Audrey Cacaly of Forbion Growth echoed these sentiments, underscoring the alignment between Azafaros’s mission and Forbion’s investment philosophy. “Azafaros embodies the kind of cutting-edge, purpose-driven company we aim to support. With a first-in-class therapeutic like nizubaglustat, the company has the potential to redefine standards of care in these diseases, offering hope where very little has existed.”
A Company Built on Scientific Excellence and Rare Disease Expertise
Azafaros’s scientific foundation is rooted in its collaborations with leading academic institutions and a leadership team with deep expertise in the development and commercialization of rare disease therapies. The company’s executive team and board bring decades of experience from global biopharmaceutical companies, ensuring that Azafaros is not only advancing a promising therapeutic but is also well-positioned to navigate regulatory, manufacturing, and commercial challenges.
Lysosomal storage disorders (LSDs) comprise more than 70 distinct diseases, many of which are associated with severe neurological symptoms and early mortality.
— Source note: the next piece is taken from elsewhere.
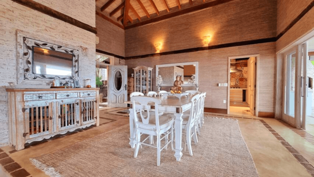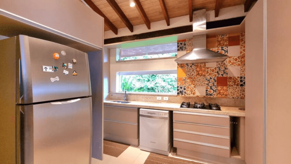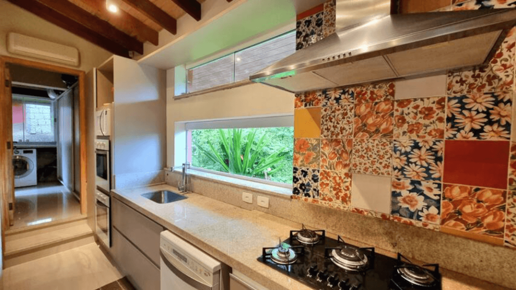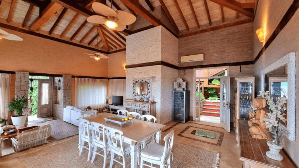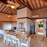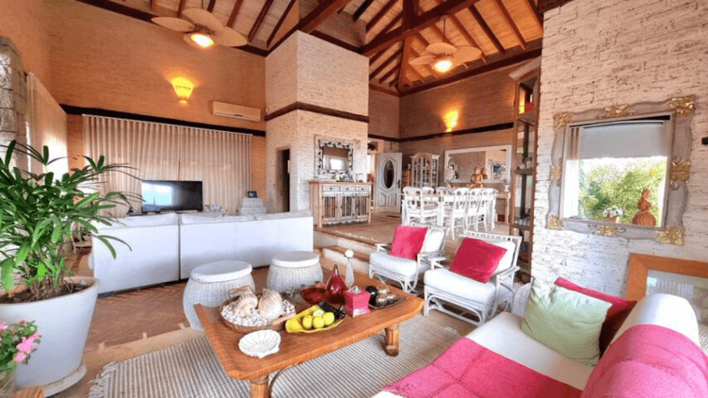 A casa é composta por quatro suítes que são reservadas da parte social, mantendo assim uma maior privacidade. Além de uma ampla área interna com sala de estar, com televisão, integrada com sala de jantar e com uma excelente cozinha com todos os utensílios e rede wi-fi que abrange toda casa .

Although individually rare, these disorders collectively affect tens of thousands of individuals worldwide, most of whom have little to no access to disease-modifying treatments. Azafaros’s approach seeks to address the root causes of these conditions rather than simply treating the symptoms, a distinction that sets the company apart from many others working in the rare disease space.
Hope for a Previously Untreatable Population
With the new funds in hand and Phase 3 studies on the horizon, Azafaros is entering a pivotal period in its growth trajectory. The company’s success could not only result in the first approved treatment for NPC and gangliosidoses that alters disease progression but could also validate its broader platform and pave the way for future treatments across a spectrum of rare neurodegenerative disorders.
“Our vision is to offer meaningful and lasting benefits to patients and families affected by rare diseases, where hope is often in short supply,” said Portolano. “We are energized by the support we’ve received from this exceptional syndicate of investors and excited about the path ahead. Our commitment to patients is at the core of everything we do, and this milestone brings us one step closer to fulfilling that mission.”